Indians historically held gold as jewelry. Today, there are at least four digital ways to own gold, each with different trade-offs. Here's a practical breakdown.
Sovereign Gold Bonds (SGB)
Issued by RBI on behalf of the government. 8-year tenure with exit option after 5 years. Additional 2.5% annual interest on top of gold price appreciation. Capital gains on redemption are fully tax-free. The best option for long-term gold exposure — but new issuances have paused, so you can only buy from the secondary market now.
Gold ETFs
Exchange-traded funds that hold physical gold and track the spot price. Bought and sold on stock exchanges like shares, so liquidity is excellent. Expense ratio is around 0.3–0.6%. Gains are taxed at slab rate regardless of holding period (post 2023 tax changes).
Gold mutual funds
Funds of funds that invest in gold ETFs. Slightly higher cost due to layered expenses but can be bought via SIP and from any mutual fund platform. Tax treatment same as gold ETFs.

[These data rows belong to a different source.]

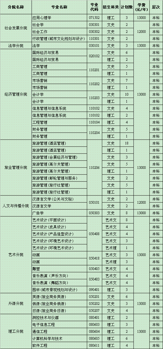 [图文]海南大学三亚学院2009年江苏省分专业招生计划
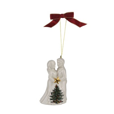 Spode Christmas Tree Bride & Groom Ornament, Festive Holiday Bauble for Christmas Tree, Earthenware Hanging Decoration with Red Ribbon
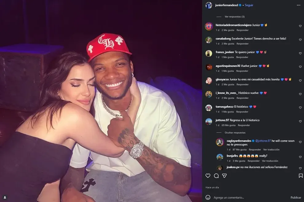 En una publicación que pudo ser netamente romántica, donde el delantero escribió “eres la casualidad más bonita que llegó a mi vida” junto a una imagen con la mujer. Fue ella misma la que encendió la ilusión universitaria en los comentarios.
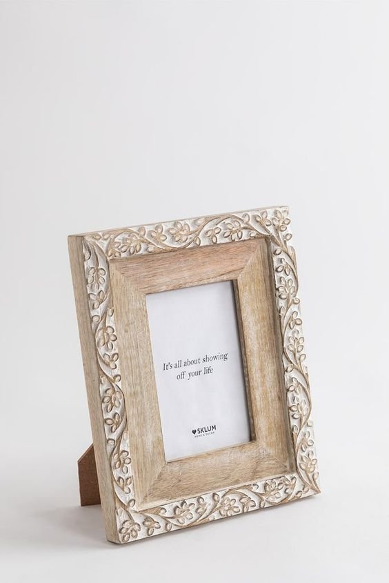 Description : Photo Frame , Product Dimensions : H15xL10 cm / H6XL4 Inches , Item No. : 247-332 , Color : Natural + white , Material : Mango wood.
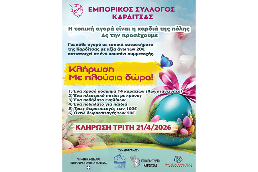 Με κάθε αγορά άνω των 20€ σε τοπικά καταστήματα , μέλη του Εμπορικού Συλλόγου Καρδίτσας , ο καταναλωτής θα δικαιούται ένα κουπόνι συμμετοχής στην κλήρωση που θα κάνει ο σύλλογος .

Digital gold (apps like Paytm Gold, PhonePe Gold)
Fractional ownership of physical gold stored in vaults by MMTC-PAMP or SafeGold. Can start with ₹1. Convenient, but GST applies on purchase (3%), and there are storage fees after a period. SEBI doesn't regulate digital gold, so stick to established providers.
Recommendation
For long-term allocation (5+ years), buy SGBs from the secondary market. For tactical exposure or SIP convenience, gold ETFs or gold mutual funds. Avoid digital gold for large amounts — regulatory clarity is still evolving.